- 1Center for Public Health Genomics, School of Medicine, University of Virginia, Charlottesville, VA, United States
- 2School of Data Science, University of Virginia, Charlottesville, VA, United States
- 3Department of Biomedical Engineering, School of Medicine, University of Virginia, Charlottesville, VA, United States
- 4Department of Public Health Sciences, School of Medicine, University of Virginia, Charlottesville, VA, United States
- 5Department of Biochemistry and Molecular Genetics, School of Medicine, University of Virginia, Charlottesville, VA, United States
1 Introduction
The genomic data deluge has led to challenges with sharing and integrating genomic data. While substantial effort has been devoted to making genomics data easier to share, one challenge that has received little attention is the related goal of sharing genomic metadata, or attributes of biological samples. Genomic metadata is distinct from genomic data in many important ways that affect the optimal way to share it. Here, we outline several challenges specific to sharing metadata associated with genomic data. We argue that sharing genomic metadata is an important and underserved area in genomics, and that addressing this strategically could lead to alternative sharing paradigms with potentialto improve the overall computational genomics ecosystem.

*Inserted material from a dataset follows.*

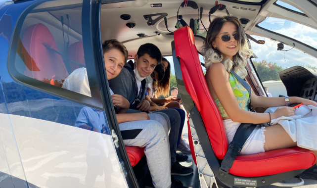 İzmir Valiliği ve İzmir Büyükşehir Belediyesi işbirliği ile İzmir’in 99’uncu kurtuluş yıldönümü etkinlikleri kapsamında dün düzenlenen hava gösterisi İzmir Airshow etkinliği nefes keserken gökyüzünde de ayrı bir heyecan yaşandı. İzmir Büyükşehir Belediyesi Kültür ve Sanat Dairesi Başkanlığı desteğiyle Sosyal Projeler Dairesi Başkanlığı'na bağlı Genç İzmir Örnekköy ve Tarihi Havagazı Fabrikası Gençlik Yerleşkesi üyesi 15 - 20 yaş arası başarılı öğrenciler ile şehit çocukları, İzmir havacılık Kulübü'nün Buca Kaynaklar'daki pistinden ve Selçuk Efes Havaalanı'ndan İzmir Havacılık Kulübü Derneği üyesi pilotlar eşliğinde helikopterle gökyüzüne havalandı. Gençlere hava aracı pilotu İzmir Milletvekili Murat Bakan da eşlik etti.

2 What is metadata in genomics?
While much effort has been placed on the idea of sharing genomic data, it is helpful to distinguish between genomic data and metadata. In genomics, data is generally produced by a DNA sequencer, whereas metadata describes the sample from which these sequences were derived. Genomic data is inherently sample-centric: most genomic data is naturally derived from a biological sample. The attributes of these samples comprise the metadata. Metadata can be categorized into several types (Figure 1A): 1) inherent attributes describe essential characteristics of a sample, such as species or cell line; 2) experimental attributes describe processing features, such as treatments, experimental conditions, or library preparation protocols; finally, 3) analytical attributes describe inputs or outputs to data analysis, such as parameters or reference genome used. For example, in an RNA-seq experiment, the metadata may include inherent attributes like the sample cell type (K562), experimental attributes like treatment (DMSO), and analytical attributes like paths to data stored in .fastq files.

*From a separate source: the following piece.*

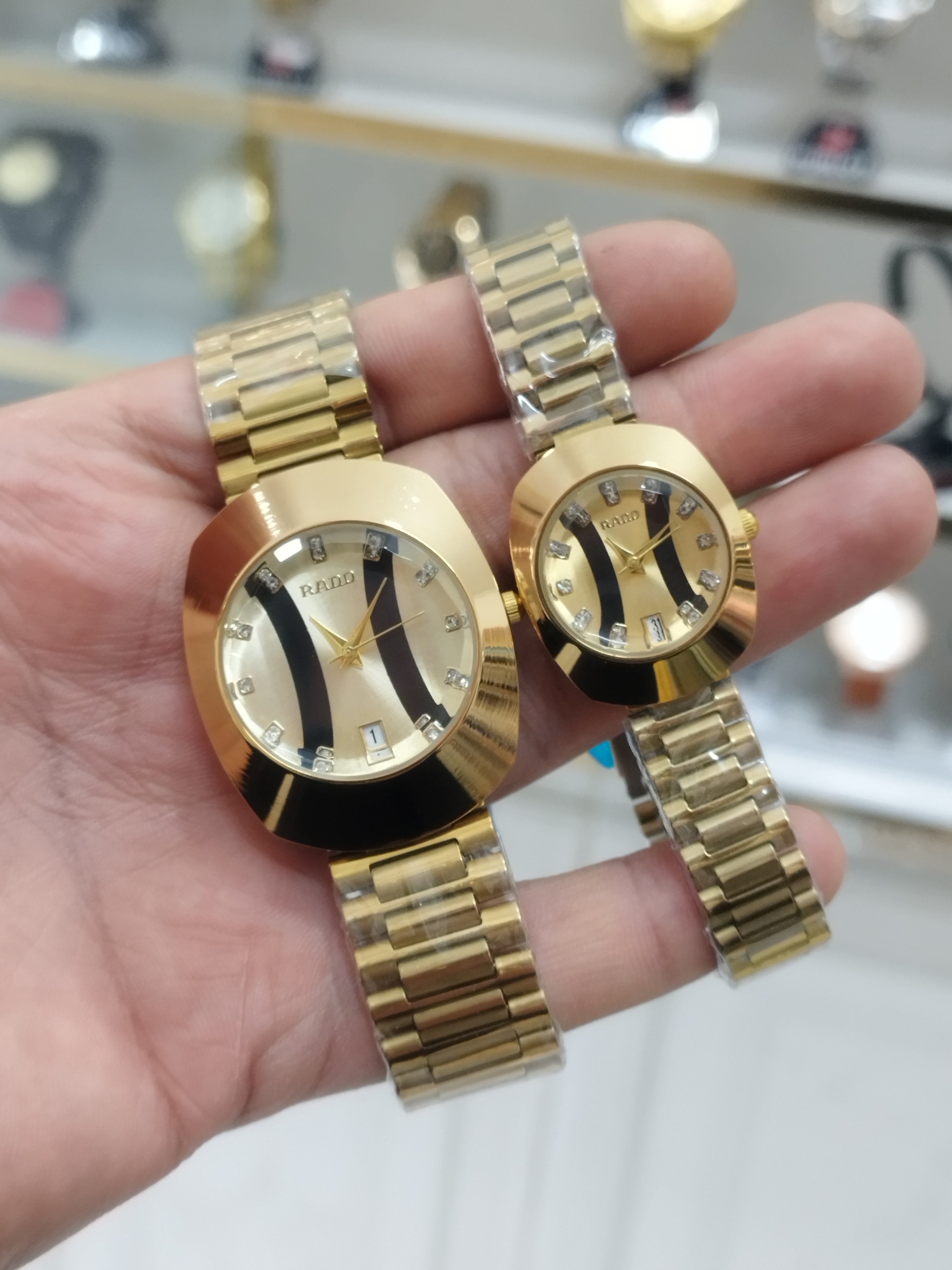 ساعت رادو ست زنانه مردانه صفحه تخم مرغی استیل رنگ ثابت ضدآب تقویم دار قفل مشابه اصلی کشیی پشت ساعت داخل ساعت و روی قفل رادو حک شده همراه با دوتا جعبه رایگان و دوباتری اشانتیون

FIGURE 1. Challenges to sharing genomic metadata. (A) Biological sample metadata can be classified by type of attribute. (B) Metadata and data have distinct characteristics that affect sharing strategy. (C) Challenges in sharing metadata can be found along a process of retrieving data, from discovery to processing. The solutions column offers some recent or future work to address the challenges. (D) A lumped model puts data together with metadata; a divided model tailors services to the unique features of each. (E) Metadata from different sources may have different structure, making integration difficult.
3 Why distinguish metadata from data?
Broad discussions of sharing genomic data do not always distinguish metadata from the data itself. This ignores important differences that affect the challenges and opportunities for sharing. The characteristics of the data and metadata are different enough that the two warrant different strategies for sharing. Three relevant differences with important sharing implications are 1) size; 2) source; and 3) use case. Each of these differences has important implications that change the optimal strategy for sharing (Figure 1B).
3.1 Data size
One of the major challenges in sharing genomic data is size. In fact, this is a driving factor that is shaping our sharing strategies and driving huge investments in infrastructure (Schatz et al., 2021; Sheffield et al., 2022). However, metadata is typically much smaller than the data it describes. While genomic data may contain many thousands of sequencing reads for a single sample, the metadata for the same sample might only require a few simple annotations. As such, although it makes sense to avoid data transfer by bringing compute to the data for large genomic datasets (Schatz et al., 2021), this argument simply doesn’t apply to metadata, which is relatively cheap to duplicate and distribute. Lumping the two together therefore creates unnecessary barriers to metadata sharing.
3.2 Data source
Another important difference between data and metadata is that metadata is typically created and curated by humans, rather than by machines. Genomic data is overwhelmingly generated by high-throughput sequencers, which have matured to the point of producing standardized file formats which are computer-friendly from the beginning. The primary creator and consumer of these files is machines, as it is impractical for humans to manually explore hundreds of millions of genome fragments. This machine-centric quality creates a self-regulating standardization process for genomic data. In contrast, metadata is more frequently created and consumed by humans. This drastically increases the diversity of metadata, which makes it more challenging to consume, integrate, and analyze by computer. While sequences can all be integrated and processed similarly by software, metadata cannot. This leads to metadata-specific challenges in sharing.
3.3 Data use case
Finally, another key sharing-related difference between genomic data and metadata is how it is used. Of course, both data and metadata are likely required for any type of re-analysis, but metadata also has an additional specific use case: it is required for finding the data of interest in the first place. A search for data of interest is likely to need access to metadata in order to determine whether the data is relevant. Finding relevant data requires sifting through lots of potentially irrelevant datasets. As a result, metadata will be much more frequently viewed than data, making it even more important for sharing metadata to be simple, easy, fast, and cheap.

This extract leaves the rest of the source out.